А Чавесу хотелось сохранить за собой власть навсегда.
Кроме того, он, совсем как римский император Гай Юлий Цезарь, отдавал предпочтение помещениям казарменного типа, которые могли обеспечить максимальную безопасность, – таким, например, как Форт Тьюна, военная база, расположенная в столице. А еще Форт Тьюна привлекал его тем, что Элоиса ненавидела это место. Она никогда там не появлялась, что давало Уго определенную свободу действий и чем он с огромной радостью пользовался.

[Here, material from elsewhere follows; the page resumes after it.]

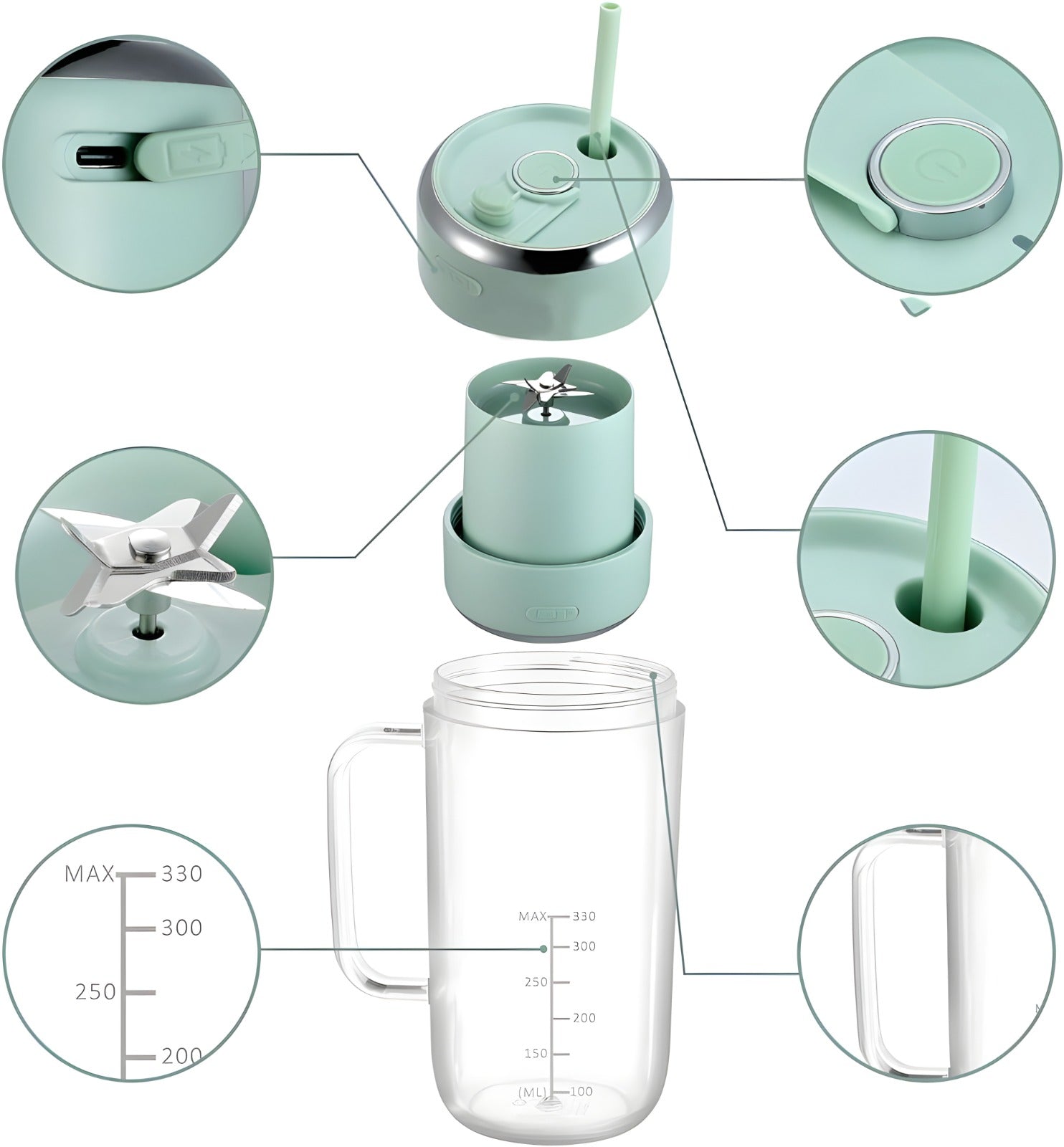 - Rechargeable Battery: Equipped with a 1200mAh battery, enjoy cordless juicing anytime, anywhere. Ideal for outdoor activities, travel, or office use.

С другой стороны, первая дама тоже стала проявлять вкус к власти и тем возможностям, которые власть открывает. Элоиса, разумеется, даже и не пыталась соперничать с харизмой Чавеса, ведь он был прирожденным лидером и был способен выдерживать очень напряженный рабочий график. Зато ее природа наделила красотой и тщеславием – поэтому Элоиса предпочитала выходить на сцену в главной роли. На официальных приемах или во время праздников – скажем, по случаю крещения их дочери Маргариты – Элоиса чувствовала себя как рыба в воде. Мало того, порой она не могла побороть соблазна и воображала, будто и на самом деле играет при Уго не менее важную роль, чем Мануэлита Саэнс играла при Боливаре. И бывала по-настоящему счастлива, услышав от кого-нибудь: “За великим мужчиной всегда стоит великая женщина”. Или: “Эта женщина владеет сердцем президента”. Только она одна! Единственная среди миллионов, единственная среди миллиардов! И тут нет никакой загадки: буквально все женщины были без памяти влюблены в президента, а сколькие мечтали занять ее место – место первой и единственной. Даже начальник охраны Чавеса не уставал поражаться тому, какое действие оказывал его шеф на женщин, вызывая у них, по его словам, “бешенство матки”. Каждый день, на каждом мероприятии он с изумлением наблюдал, как женщины просто-напросто предлагают себя Чавесу, наперегонки кокетничают с ним и готовы осыпать поцелуями. Совсем девчонки и старухи, незамужние, замужние или вдовы. Все они умирали от желания хотя бы дотронуться до Уго, погладить его, а то и зачать от него ребенка.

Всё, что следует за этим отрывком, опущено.